Exercise data =
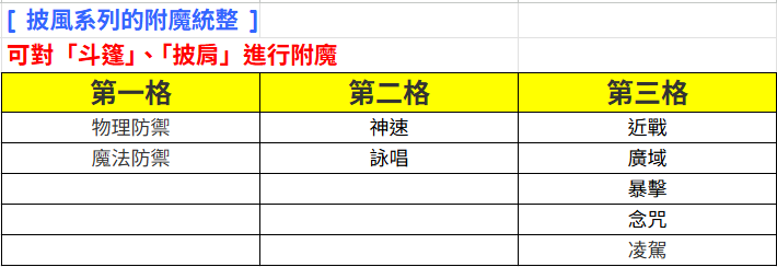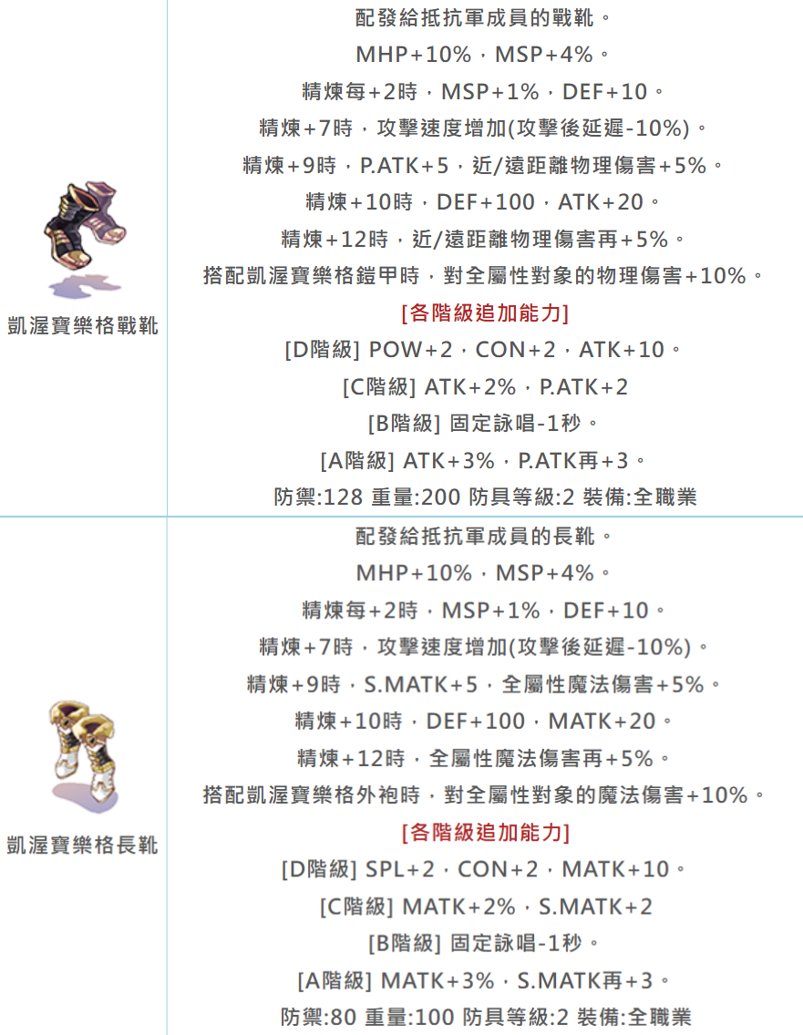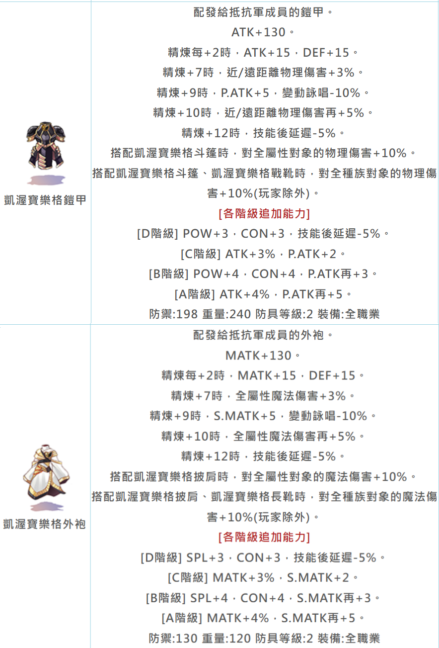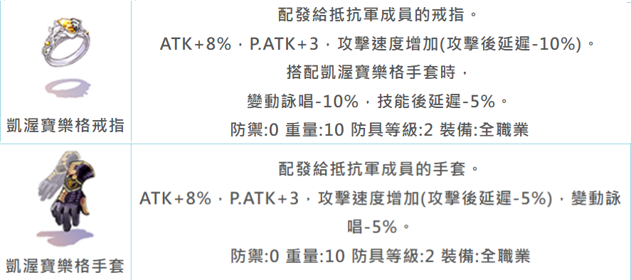 物理系 (戒指/手套) | ATK+16%, P.ATK+6 | 攻速延遲-15%、變詠-15%、技後延遲-5% |
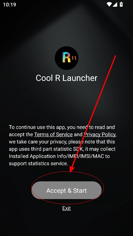 下载安装Cool R Launcher启动器,点击同意进入
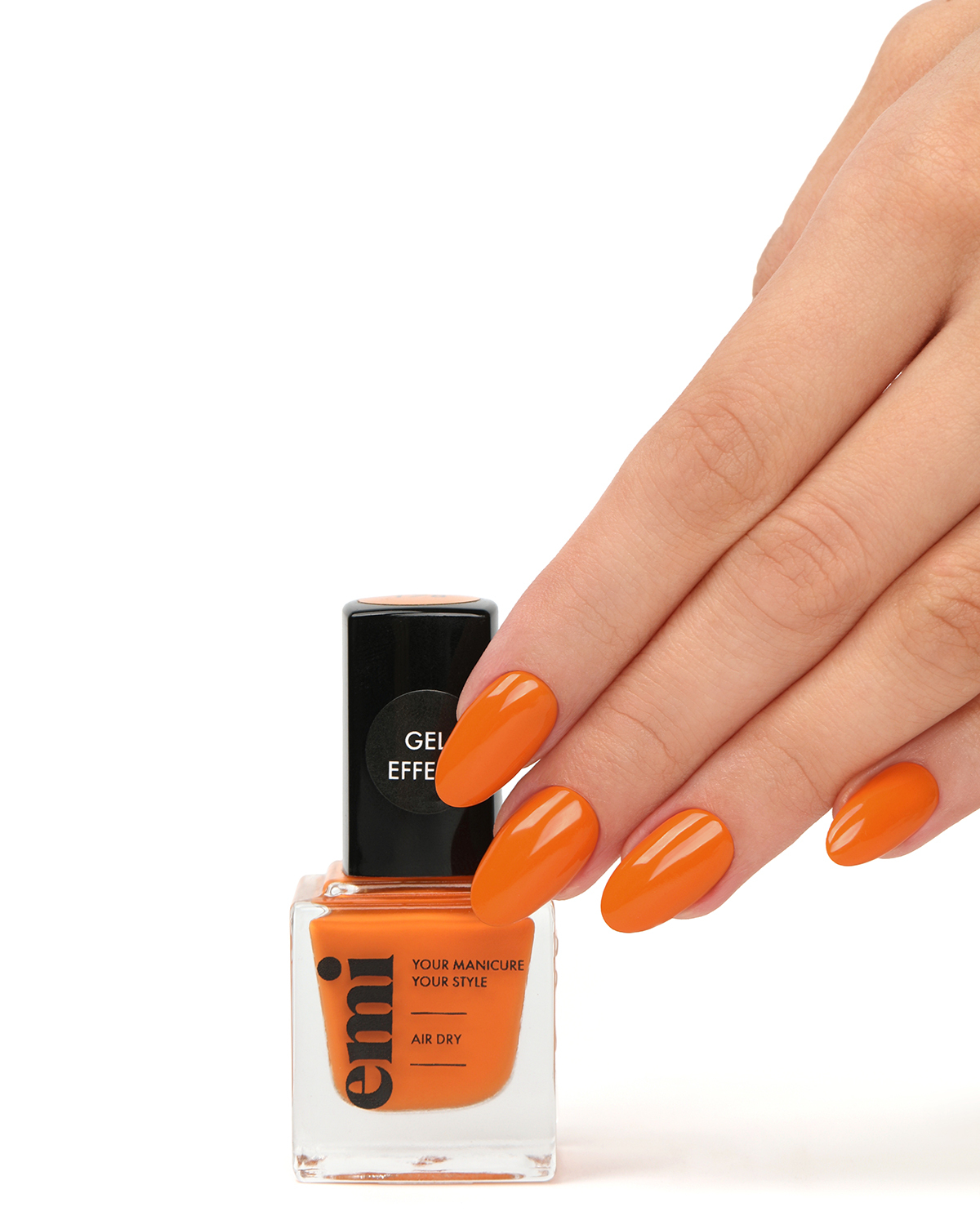 Ультрастойкий лак Gel Effect Смелое направление №178, 9 мл – насыщенный оранжевый оттенок с янтарным подтоном.. • Теплый осенний отенок; • Для профессионального и домашнего использования. • Себестоимость процедуры ниже гель-лакового покрытия. • Высокая возвратность клиентов. • Лаки не растекаются и не полосят. • Равномерное покрытие и насыщенный цвет с первого слоя. • Удобная полукруглая кисть для безупречного нанесения и идеального распределение материала. • Стойкость до 10 дней. Уникальная формула лака Gel Effect гарантирует повышенную стойкость маникюра без сколов и микротрещин. Благодаря комфортной консистенции и высокой концентрации пигмента цвет ложится ровно и не растекается, а удобная закругленная кисть обеспечит идеальное нанесение как в профессиональном, так и в домашнем использовании. Как применять? 1. Розовой пилкой для натуральных ногтей или хруcтальной пилкой EMi придаем форму свободному краю. 2. Наносим E.MiLaс Cuticle Remover на кутикулу. 3. Через 2-3 мин. удаляем загрубевшую кожу деревянной палочкой. 4. Обезжириваем EUROCLEANSER LUX. 5. Если ногти слоятся или повреждены, наносим укрепляющий Ultra Strong Base Coat Gel Effect. Сушим 5-10 мин. 6. Наносим цветной лак E.MiLac Gel Effect. Сушим 5-10 мин. 7. Наносим верхнее покрытие Ultra Strong Top Coat Gel Effect. Сушим 5-10 мин. 8. Увлажняем кутикулу E.MiLaс Dry Oil.

Your task = Leave out any pictures and return exactly the lines from the beginning of the data through the line with "下载安装Cool R Launcher启动器,点击同意进入", inclusive.

Written solution =
 物理系 (戒指/手套) | ATK+16%, P.ATK+6 | 攻速延遲-15%、變詠-15%、技後延遲-5% |
 下载安装Cool R Launcher启动器,点击同意进入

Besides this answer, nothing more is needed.